Notably, DBBM demonstrated clear differences between the S-size and L-size granules in material surface area, cell viability, and differentiation potential both in Mφs and osteoblasts. In line with the study using HAp by Dawson et al. [12], the present study suggests that the higher surface area of the DBBM_S-size granules might enlarge the cell adhesion area and promote differentiation more efficiently than that of the DBBM_L-size granules. Nevertheless, it was previously reported by Chackartchi et al. that there was no difference in clinical outcome between the two DBBM sizes (S size and L size) for sinus floor augmentation procedures at 6 to 9 months, as shown by both microcomputed tomography (CT) and histomorphometric analysis [23]. Thus, they suggested that the selection of DBBM granule size should depend on surgeon preference, sinus anatomy, or the presence of membrane rupture [23]. Testori et al., in contrast, showed results similar to those of the Chackartchi et al. study for DBBM_L-size granules (26.77% ± 9.63%) but had less favorable results for DBBM_S-size granules (18.77% ± 4.74%) [24]. It was also reported in an experimental animal study in minipigs by Jensen et al. that DBBM_S-size and DBBM_L-size granules performed equally well when used for sinus floor elevation with simultaneous implant placement with regard to the impact on the amount of newly formed bone, DBBM degradation, and bone-to-implant contact (BIC). Importantly, the DBBM_S-size granules showed significantly higher osteoconduction after 6 weeks (in the early period) than the DBBM_L-size granules [25]. The authors assumed that as the granule size decreases, the surface area increases; thus, the presentation of growth factors may be expected to increase correspondingly [25], as suggested by the present study.

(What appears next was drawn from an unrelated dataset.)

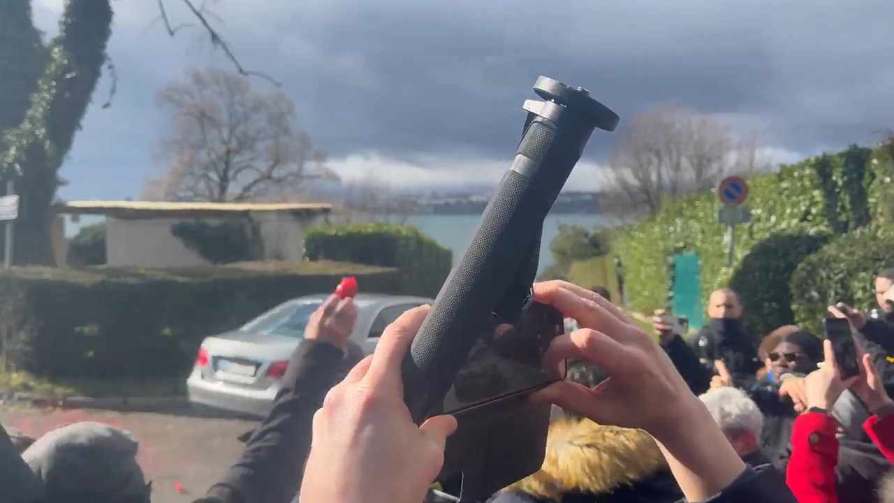 بر اساس ویدیوهای رسیده به ایران اینترنشنال، گروهی از معترضان هنگام خروج خودروهای هیات جمهوری اسلامی از محل مذاکرات در سفارت عمان در ژنو، به سوی این خودروها گوجه پرتاب کردند. معترضان همزمان شعار دادند: «مرگ بر تروریست».

Unfortunately, in vitro studies cannot perfectly reflect clinical outcomes; however, the present study is the first to investigate the impact of BS size on cell behavior using more than two commercial products. The differences in cell function between the two sizes of the tested commercial BSs must be small; however, the sensitivity of cells, including immune cells and osteoblasts, in response to different sizes of BSs might be relatively larger for DBBM than for other synthetic BSs, which might be associated with clinical outcome, especially osteoconductive potential, in particular cases. However, future preclinical and clinical studies are necessary to clarify the correlation between BS size and clinical outcomes for bone regenerative medicine.

Conclusion

The effect of the size of BS on cell viability and differentiation was investigated in Mφs and osteoblasts in vitro. In the synthetic materials (BCP and CO3Ap), there were generally few effects of granule size on cell responses in both Mφs and osteoblasts. Nevertheless, in the present limited study, DBBM granules exhibited clear differences between the S size and L size in cell outcomes, including lower cell viability and a higher osteopromotive effect in the S-size group without noticeable changes to Mφ polarization. These data suggest that a smaller granule size might be advantageous due to an increase in bone regeneration potential, especially when using DBBM granules to treat defects.